QUAKERS IN BRITAIN have joined 200 others in writing to Prime Minister Rishi Sunak and Home Secretary Suella Braverman urging the UK government to reject Equinor’s plans to open the Rosebank oil field.
The Norwegian firm wants to develop the largest undeveloped oil and gas field in the British North Sea. But the case for moving past oil and gas extraction has never been clearer, signatories say, with British homes and businesses left vulnerable to soaring gas prices by the war in Ukraine.
Granting new licences and approving new fields like Rosebank will not support energy security, they say, but make the UK more dependent on expensive, high carbon gas for decades longer than necessary.

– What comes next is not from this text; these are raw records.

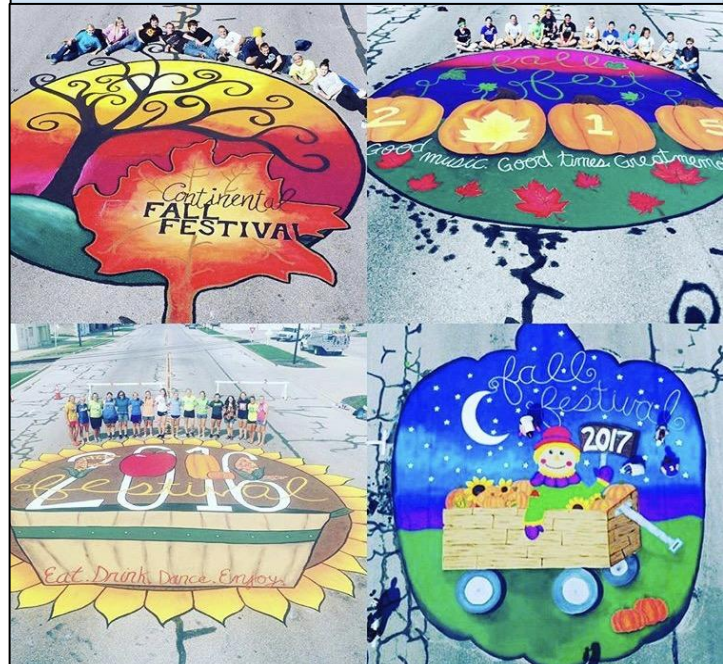
Street murals from the past four years.
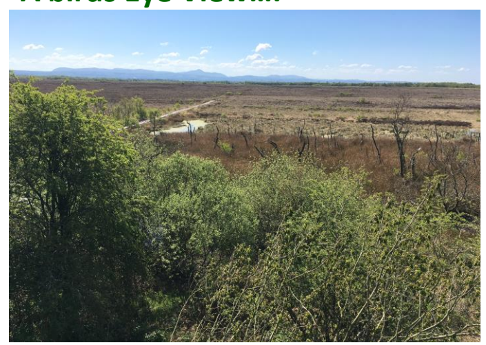
Do you recognise this "bird's eye view?" You can find out where it is further on!
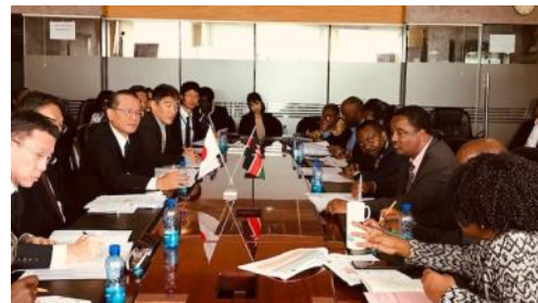
Caption: The 2nd Japan-Kenya Business Dialogue (On 12th March 2020)
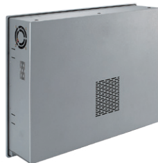
▲ Back view
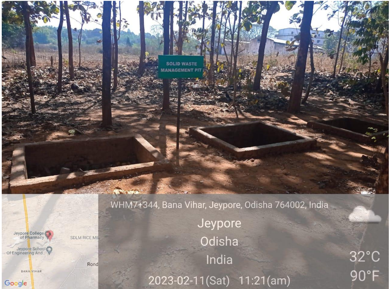
Fig-1 Solid waste Management PIT.

PRINCIPAL JEYPORE COLLEGE OF PHARMACY RONDAPALLI, JEYPORE (K) 764002
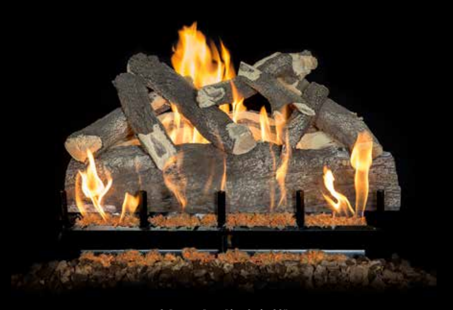
3-Burner Blue Pine Split 30"

These logs were found in the bark beetle ravaged forest of Northern Arizona. The infestation of beetles left behind acres upon acres of downed trees, however it created unbelievable wood character only captured in the Blue Pine Split log collection. The deep grain pattern and gray highlights make this look like the wood was split right in half in your fireplace. Don't like the split side, reverse the log to showcase the fantastic Alligator bark.
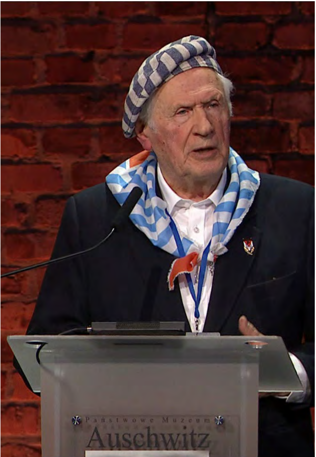
75th Anniversary of the Liberation of Auschwitz-Birkenau concentration camp
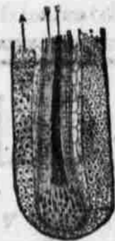
A Healthy Hair.
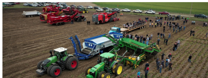
Top: 2019 South Harvest Demo Bottom: Ag Expo Booth
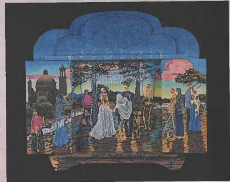
Clockwise from top left: Works hang as part of "Powerful Women: Contemporary Art from the Eiteljorg Collection," now on display at the Eiteljorg Museum in Indianapolis. // The exhibition explores the work of visionary women artists who shaped and changed the ways people think about contemporary art. // "Boda Bacalar" by Anita Rodriguez is part of the exhibit.
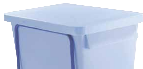
Loose fitting lid
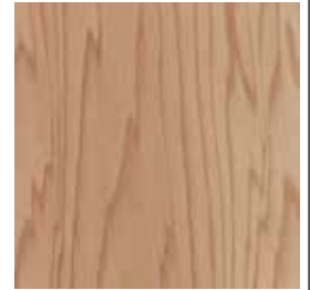
WESTERN RED CEDAR Clear* (3 common shades)
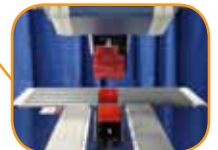
Bottom belt drive processes heavier cases
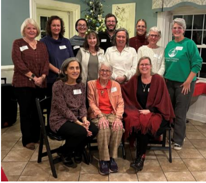
The 2024 Master Gardener Graduates.

2893 Number of people who gained knowledge in consumer and home horticulture including: native plants, disease and pests, composting, site analysis, and proper maintenance.
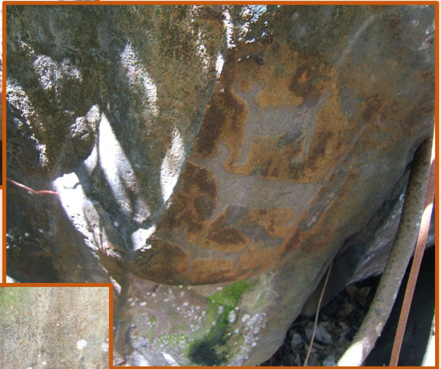
The art from Hawaii is mostly of dogs
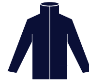
Polar Fleece w/ logo
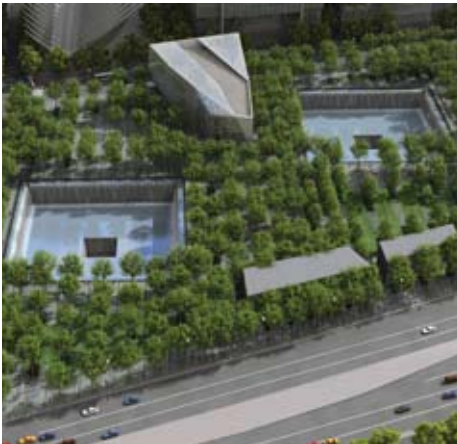
Aerial view of 9/11 Memorial. Rendering Squared Design Lab

Located northwest of Shetland, Rosebank is 90 per cent oil which is likely to be exported and not lower energy costs in the UK. Equinor is majority-owned by the Norwegian government, but the UK public would carry almost all the costs of development, thanks to a £500 million subsidy from the UK government. The government should be concentrating on greater energy efficiency and cheap home-grown renewables instead, wrote signatories including the Wildlife Trusts, Tearfund, Oxfam and the Norwegian Green Party.
Quakers are led by faith to work for a fair and sustainable world, conserving the earth’s resources. Oliver Robertson, head of witness and worship at Quakers in Britain, said: “The world is facing a climate emergency and we believe our government should not be pouring fuel on the flames. “Instead they should be shifting away from fossil fuels to clean energy.”